MECHANISM OF CALCIUM RELEASE DURING UNFOLDED PROTEIN RESPOSE

FELIZIANI C; HOLSTEIN D; FERNÁNDEZ M; QUASOLLO G, ; PATON A W; PATON J C; LECHLEITER J; BOLLO M

Congreso; XXXIII Reunión Anual de la Sociedad Argentina de Investigación en Neurociencias; 2018

SOCIEDAD ARGENTINA de Neurociencias (SAN)

MECHANISM OF CALCIUM RELEASE DURING UNFOLDED PROTEIN RESPOSE. The Endoplasmic Reticulum (ER) plays a critical role in different processes, where the ER Ca2+ acts as a key messenger. Under resting conditions, the luminal Ca2+ concentration reflects a balance between uptake by Ca2+-ATPases and efflux pathways of which the translocon can play a prominent role. The translocon is an aqueous pore, formed by the Sec61α core spanning the ER lipid bilayer, blocked by the ribosome (cytosolic side) and by BiP (luminal side). During the acute phase of the UPR (Unfolded Protein Response), immediately after unfolded protein are accumulated in the lumen, the Ca2+ ER eflux through the translocon would increase. We performed cytosolic Ca2+ measurements in primary human astrocytes, expressing the Ca2+ indicator GCaMP6 tethered to the ER membrane, after UPR induction with Tunicamycin. We observed focal release of Ca2+ in stressed astrocytes that was significantly inhibited by translocon blockers (emetine or anisomycin). The Tm-induced Ca2+ signal was amplified by pre-treatment either with AB5 cytotoxine (hydrolyzes BiP) or with the translocon opener puromycin. This effect was corroborated by co-immunoprecipitations.
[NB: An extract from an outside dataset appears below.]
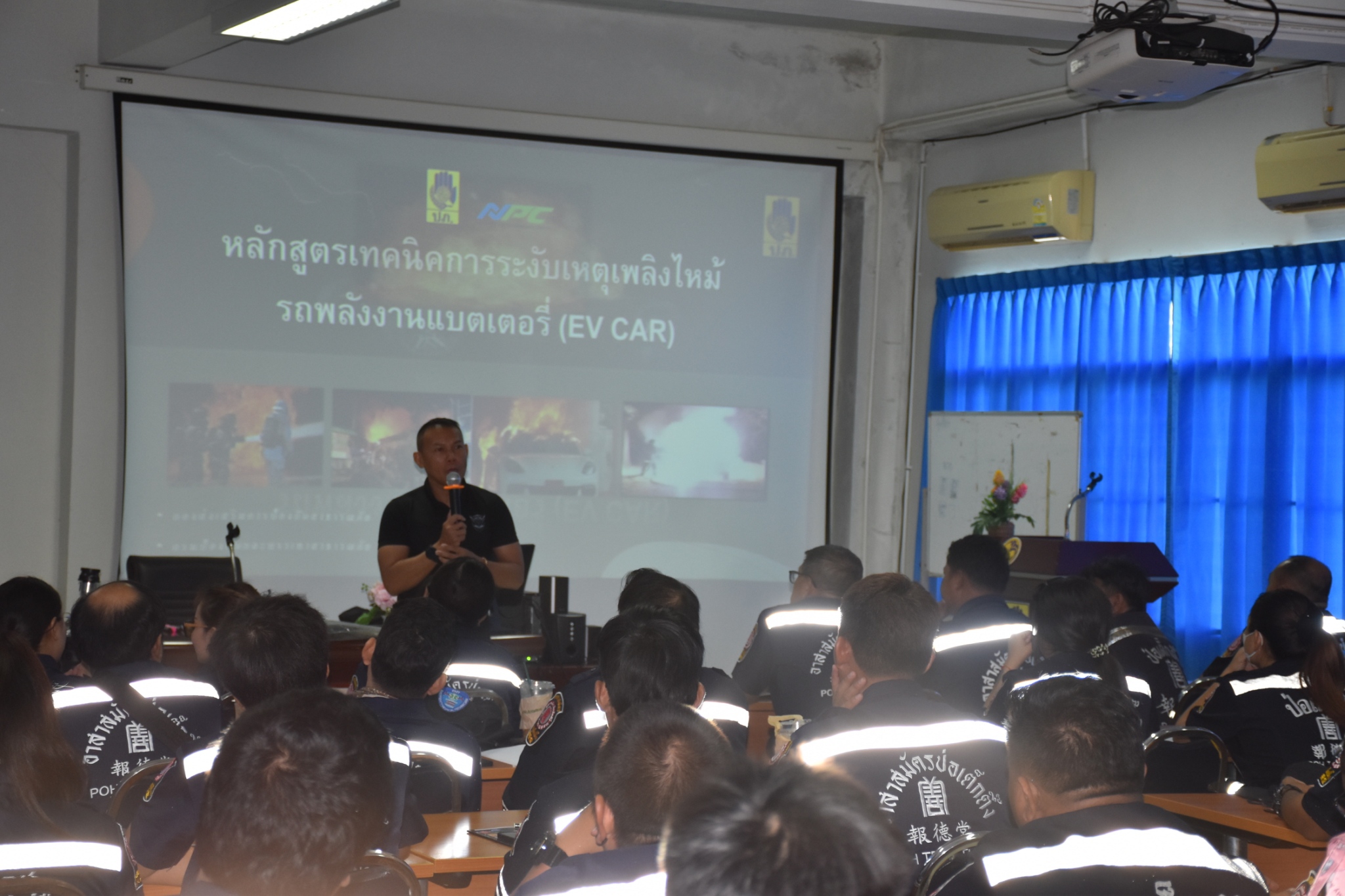 ระหว่างวันที่ 4-5 ตุลาคม พ.ศ. 2568 มูลนิธิป่อเต็กตึ๊ง ฝ่ายบุคคลและฝึกอบรม ร่วมกับ กรมป้องกันและบรรเทาสาธารณภัย จัดอบรมหลักสูตรการกู้ภัยยานยนต์ไฟฟ้า รุ่นที่ 2 ประจำปี พ.ศ. 2568 ให้แก่อาสาสมัครกู้ภัยมูลนิธิฯ โดยแบ่งการฝึกอบรมออกเป็นภาคทฤษฎีและฝึกปฏิบัติ อาทิ เรียนรู้พฤติกรรมการเผาไหม้และกลไกการติดไฟของเชื้อเพลิงแบตเตอรี่, อันตรายจากเพลิงไหม้รถยนต์แบตเตอรี่, เรียนรู้ลักษณะของเชื้อเพลิงแบตเตอรี่เปรียบเทียบกับเชื้อเพลิงอื่นและเทคโนโลยีสารดับเพลิงที่ใช้กับเชื้อเพลิงแบตเตอรี่, การเข้าควบคุมเพลิงไหม้จากแบตเตอรี่แบบทีม พร้อมฝึกสถานการณ์จำลอง เพื่อให้ผู้ฝึกได้ปฏิบัติจริง โดยมี คุณสุทิศา ยกสวัสดิ์ ผู้ช่วยผู้จัดการฝ่ายบุคคลและฝึกอบรม พร้อมด้วย คุณสุชีพ บุญเส็ง หัวหน้าแผนกอาสาสมัคร กล่าวเปิดการฝึกอบรมฯ และได้รับเกียรติจาก ผู้เชี่ยวชาญ จากกรมป้องกันและบรรเทาสาธารณภัย ร่วมเป็นวิทยากรในการฝึกอบรมฯ ณ ศูนย์ฝึกอบรมอาสาสมัครป้องกันภัยฝ่ายพลเรือน กรมป้องกันและบรรเทาสาธารณภัย จังหวัดชัยนาท

The likelihood of obtained Tm-induce local Ca2+ events, increase by using either the slow Ca2+ chelator EGTA-AM or Xestospongin C and Ryanodine, InsP3 and Ry Receptors inhibitors, respectively. Finally, InsP3 Receptor null HEK-293 cell line exhibited Tm-evoked Ca2+ release near ER microdomain, which is inhibited by BiP over-expression.